= Dataset excerpt =
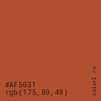 Цвет #AF5031 в цветовой модели RGB обозначается тремя октетами (175, 80, 49) в десятичном формате и #AF5031 в шестнадцатиричном (hex) формате, которые являются интенсивностью красного 175 (hex AF), интенсивность зелёного 80 (hex 50) и интенсивность синего 49 (hex 31).
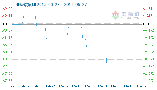 6月13日工業(yè)級(jí)碳酸鋰商品指數(shù)為107.55,與昨日持平,較周期內(nèi)最高點(diǎn)112.10點(diǎn)(2012-11-04)下降了4.06%,較2012年01月05日最低點(diǎn)98.94點(diǎn)上漲了8.70%。(注:周期指2011-09-01至今) 工業(yè)級(jí)碳酸鋰商品指數(shù)...
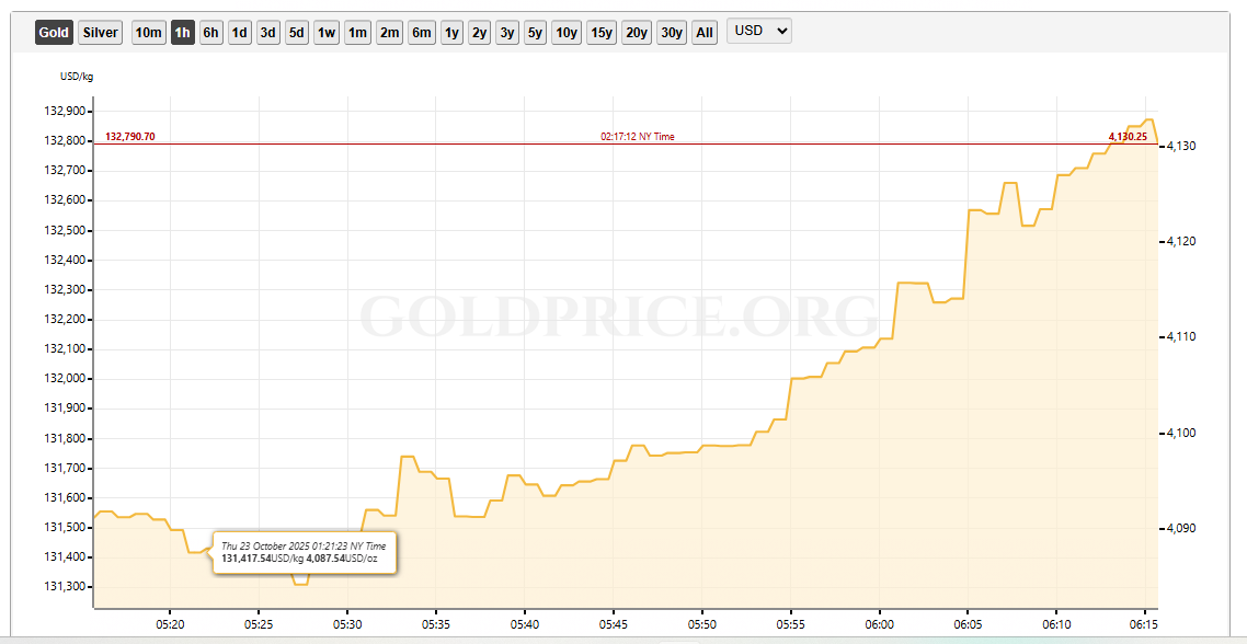 पछिल्लो केही घण्टामा सुनको मूल्यमा २ प्रतिशतको बढोत्तरीसहित ट्राय औंस(२८.३४९५ ग्राम)को मूल्य ४१३० डलरभन्दा माथि पुगेको हो।

= Work instruction =
Your answer should copy the listing word for word, with no pictures in it.

= Result of the exercise =
 Цвет #AF5031 в цветовой модели RGB обозначается тремя октетами (175, 80, 49) в десятичном формате и #AF5031 в шестнадцатиричном (hex) формате, которые являются интенсивностью красного 175 (hex AF), интенсивность зелёного 80 (hex 50) и интенсивность синего 49 (hex 31).
 6月13日工業(yè)級(jí)碳酸鋰商品指數(shù)為107.55,與昨日持平,較周期內(nèi)最高點(diǎn)112.10點(diǎn)(2012-11-04)下降了4.06%,較2012年01月05日最低點(diǎn)98.94點(diǎn)上漲了8.70%。(注:周期指2011-09-01至今) 工業(yè)級(jí)碳酸鋰商品指數(shù)...
 पछिल्लो केही घण्टामा सुनको मूल्यमा २ प्रतिशतको बढोत्तरीसहित ट्राय औंस(२८.३४९५ ग्राम)को मूल्य ४१३० डलरभन्दा माथि पुगेको हो।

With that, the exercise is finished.